Smart Harvesting 2

Team: Nadine Dulisch, TBA
Leader: Dr. Brigitte Mathiak
Scientific unit: Knowledge Technologies for the Social Sciences (WTS)


The automatic extraction and preparation of bibliographic data is one of the major problems in maintaining bibliographic databases. In the follow-up project "Smart Harvesting II", therefore, the productive cooperation between the database operators dblp (computer science) and GESIS (social sciences) should be continued to solve common problems.

In the predecessor project, the focus was on the development of a learning wrapper that uses the current database to automatically generate extraction rules. However, this is not always possible because of the multitude of technologies used on the Web, and especially page content generated dynamically at runtime (e.g. using AJAX calls) still presents a great challenge.

The focus of the current project is therefore the development of a wrapper framework for rule-based data extraction, which can also be used by non-computer scientists using simple extraction rules.

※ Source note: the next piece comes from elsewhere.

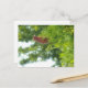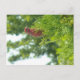 Aleta roja con plumas encaramada en un arbusto verde, St Catharines, Ontario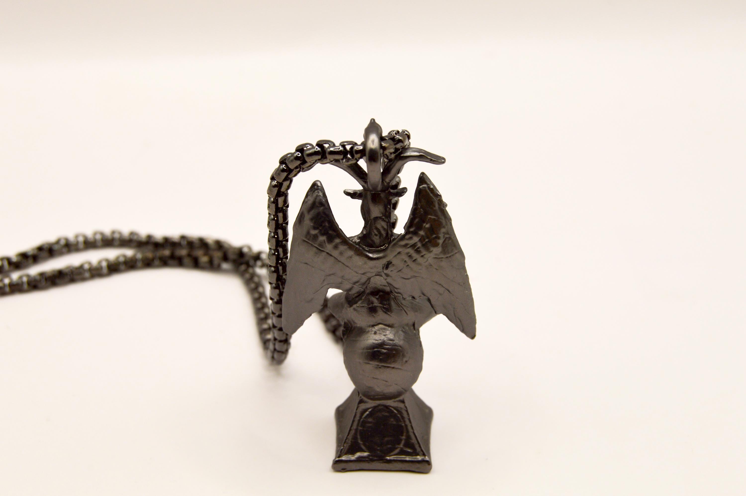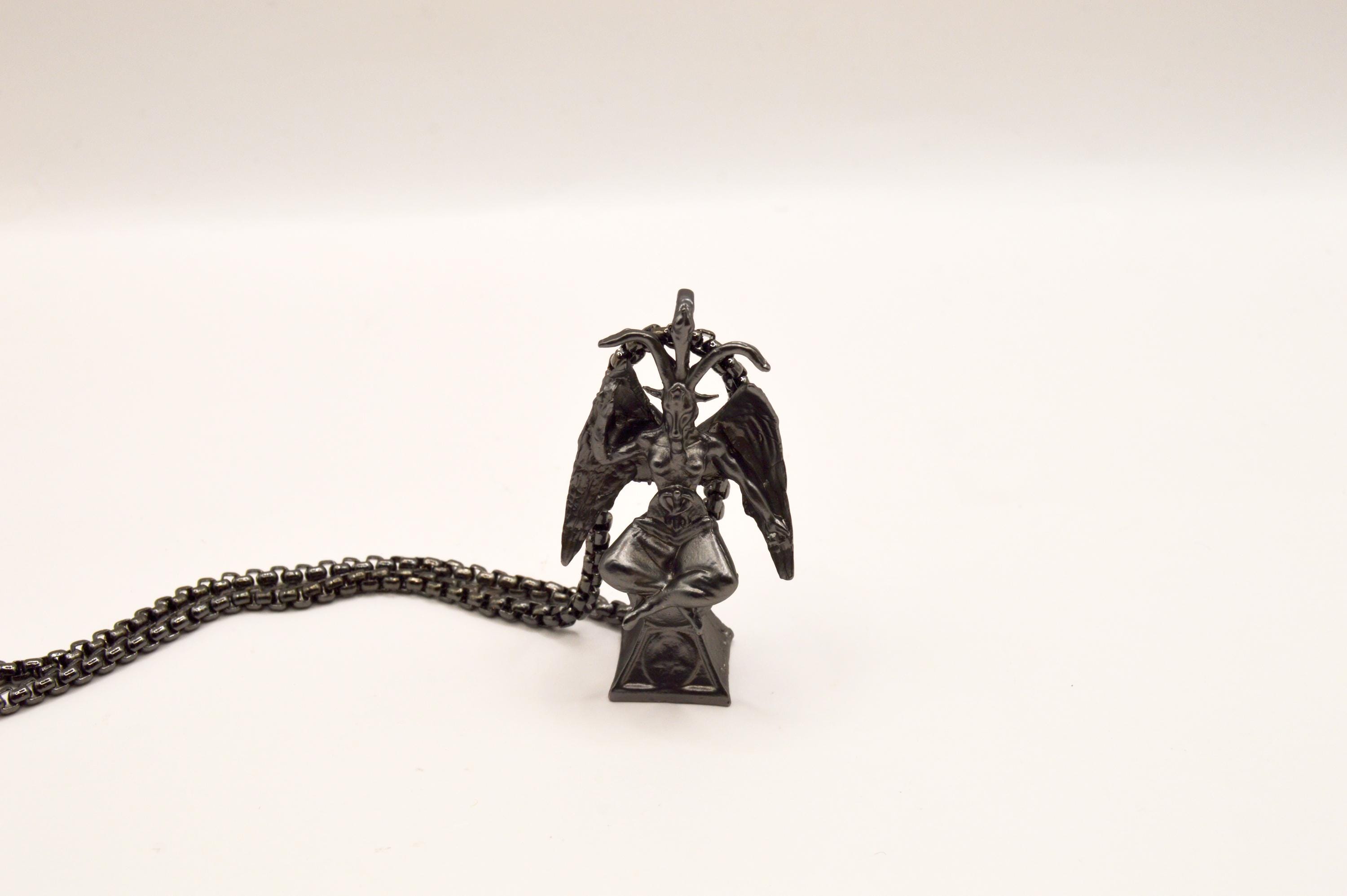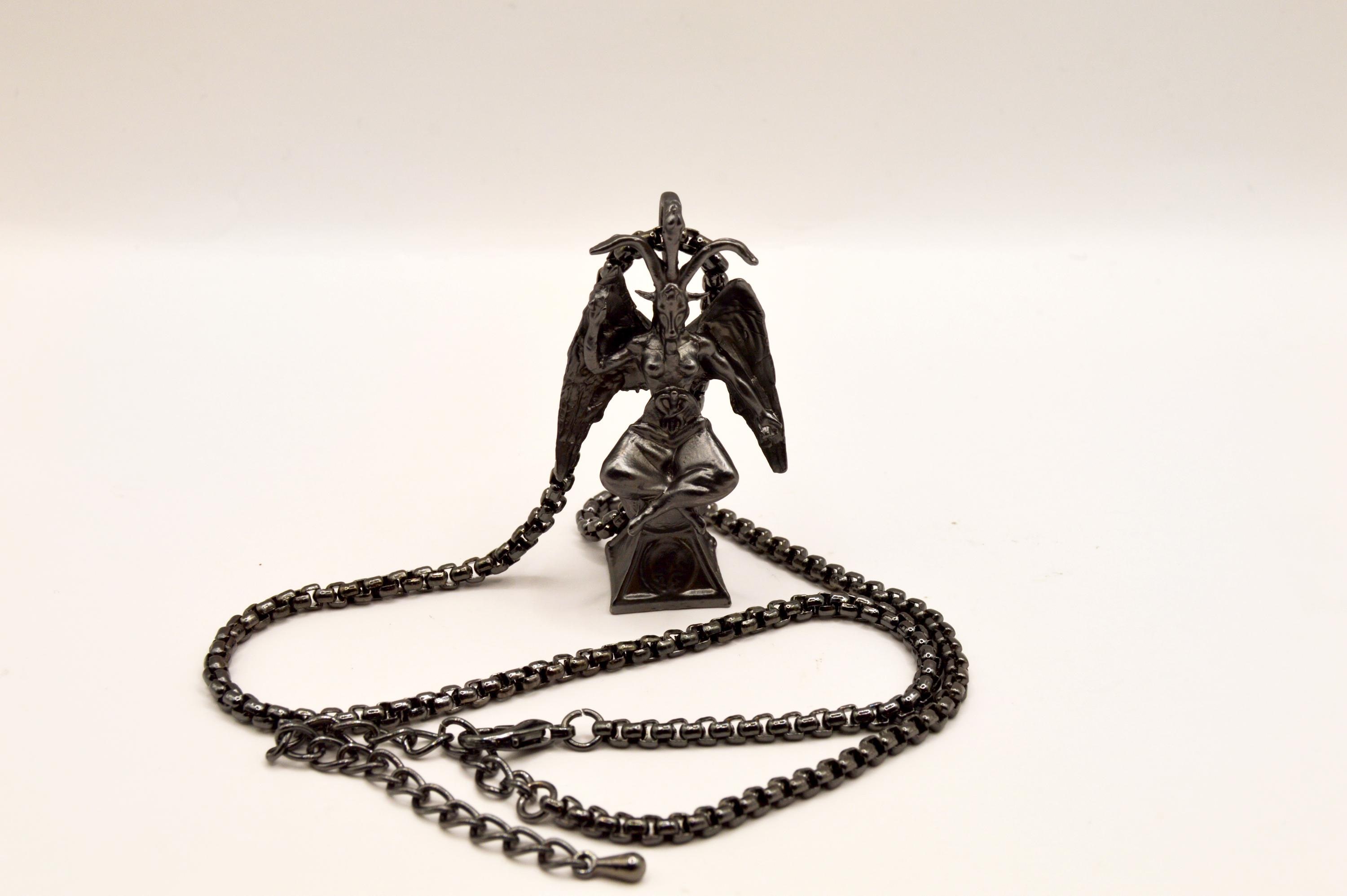 Unique Baphomet Statue Choker, on a gunmetal stainless steel box chain.

Both navigation and extraction should be done by parsing the DOM trees underlying the HTML pages. For this purpose, in cooperation with the University of Oxford, their addressing scheme OXPath (an extension of XPath) will be integrated into the wrappers. Furthermore, monitoring tools are to be created to enable non-programmers (such as librarians) to monitor the entire data extraction process and develop new data sources.

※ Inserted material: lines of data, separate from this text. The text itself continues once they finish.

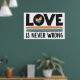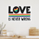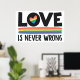 LGBTQ pride month poster featuring the caption "love is never wrong" in black all caps fonts decorated with a little rainbow heart and a colorful stripe on a white background.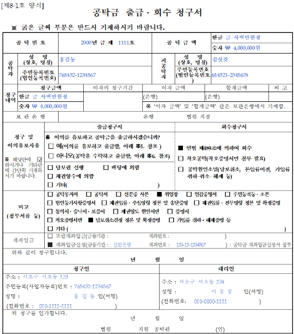공탁금 출금 회수 청구서 작성법을 살펴보겠습니다.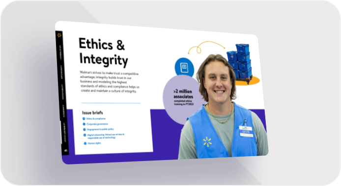 N Ethics & O TI C U D O NTR I Integrity Y T I N TU Walmart strives to make trust a competitive R O P P advantage; integrity builds trust in our O business and modeling the highest Y standards of ethics and compliance helps us T I IL B create and maintain a culture of integrity. >2 million A IN A ST associates U S completed ethics Y training in FY2022 IT N U M Issue briefs OM C Ethics & compliance { Y T Corporate governance I { R G E Engagement in public policy NT { I & S Digital citizenship: Ethical use of data & C { I responsible use of technology TH E Human rights { 41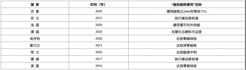 部分歐洲國家“超低能耗建筑”發(fā)展目標(biāo)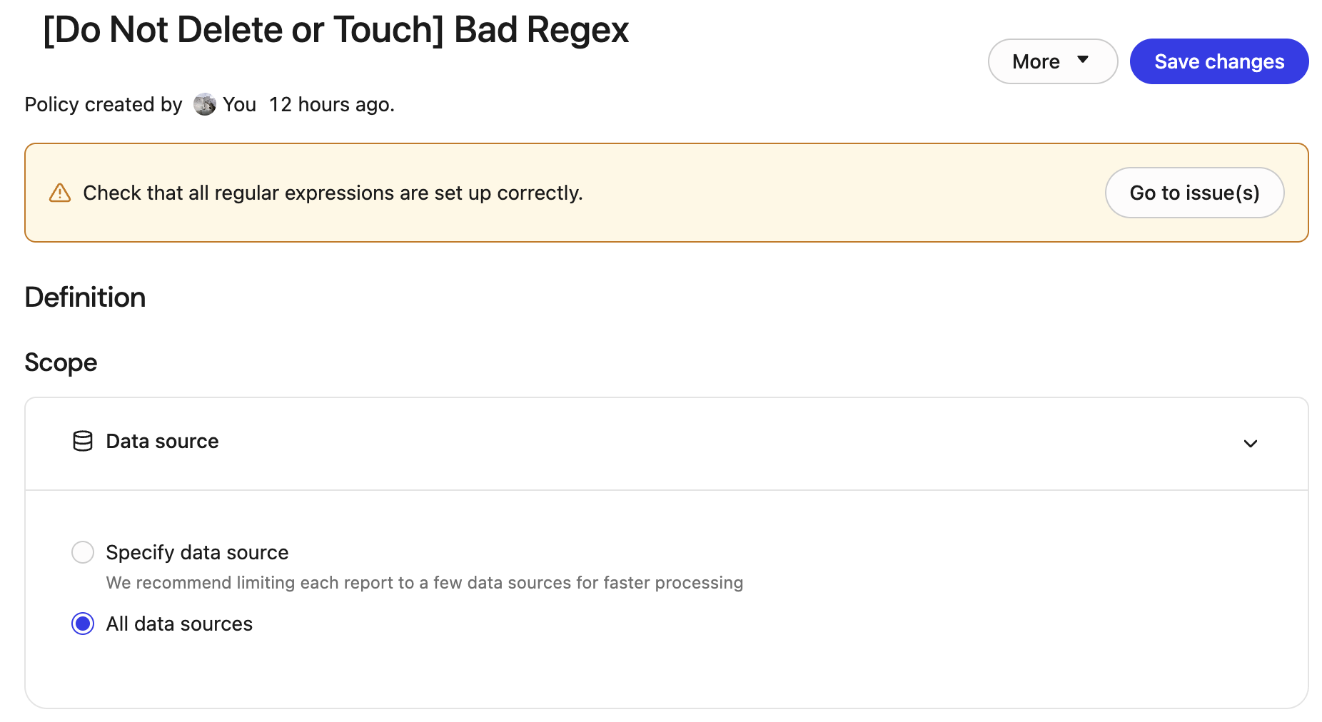 - Policy details: A banner at the top of the policy details page summarizes that one or more regex patterns are generating suspicious or unhelpful matches and prompts the administrator to review the configuration. Click Go to issue(s) to view the exact issue.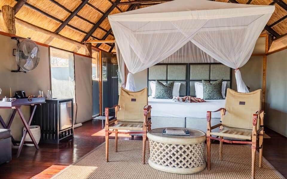 Lodgen består av 7 stråtäckta safari-stil kanvastält som är byggda på plattformar, samt 2 lyxiga honeymoon-sviter. Rummen är eleganta och moderna. Varje rum/tält har både inomhus- och utomhusdusch, en balkong där man kan sitta och titta på djur, samt te- och kaffefaciliteter och en minibar. Lyxsviterna har dessutom utomhusbadkar. Sängarna är enkelsängar men kan alla konverteras till king-size dubbelsängar. Inga barn under 12 år är tillåtna här, om inte lodgen bokas exklusivt.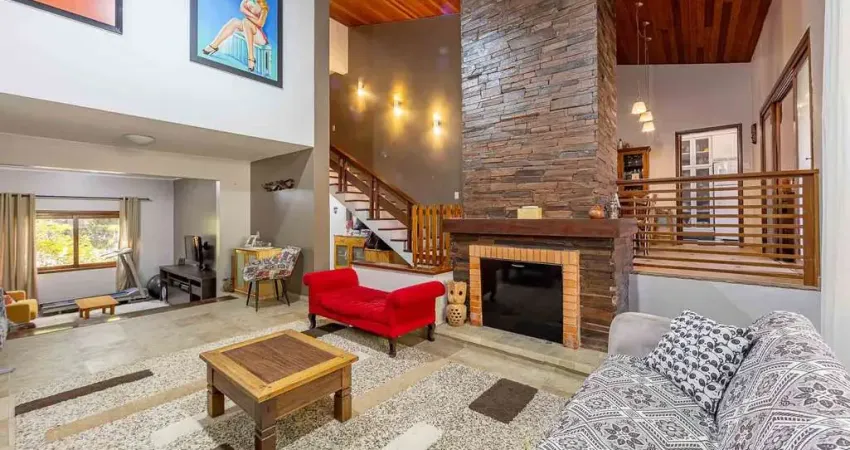 O hall de entrada leva a um living imponente com pé-direito elevado, distribuído em três ambientes, equipado com lareira e lavabo, ideal para receber com estilo e conforto. A área gourmet com churrasqueira é integrada ao pátio com piscina, criando um ambiente perfeito para lazer em família e confraternizações.

At the same time, the databases are to be cleaned up and processed by author disambiguation, so that a more solid database is guaranteed. The software already implemented in the predecessor project Smart Harvesting for the disambiguation of newly acquired data is to be enriched with a further component that reveals homonyms and synonyms in the existing data. In particular, the differences between different publication cultures (computer science ↔ social sciences) revealed in the previous project will be discussed, since in many cases very different strategies have to be applied.


15.4.2016 - 15.4.2018

  • C. Michels, R. R. Fayzrakhmanov, M. Ley, E. Sallinger and R. Schenkel, "OXPath-Based Data Acquisition for dblp," 2017 ACM/IEEE Joint Conference on Digital Libraries (JCDL), Toronto, ON, 2017, pp. 1-2.
  • Web-Scraping for Non-Programmers: Introducing OXPath for Digital Library Metadata Harvesting. In: Code4Lib Journal, 38, 2017. Mandy Neumann, Jan Steinberg and Philipp Schaer.
  • Enriching Existing Test Collections with OXPath. In: G. J. F. Jones, S. Lawless, J. Gonzalo, L. Kelly, L. Goeuriot, T. Mandl, L. Cappellato and F. Nicola, editors, Experimental IR Meets Multilinguality, Multimodality, and Interaction 8th International Conference of the CLEF Association, CLEF 2017, Dublin, Ireland, September 11-14, 2017, Proceedings, volume 10456, series Lecture Notes in Computer Science. 2017. Philipp Schaer and Mandy Neumann.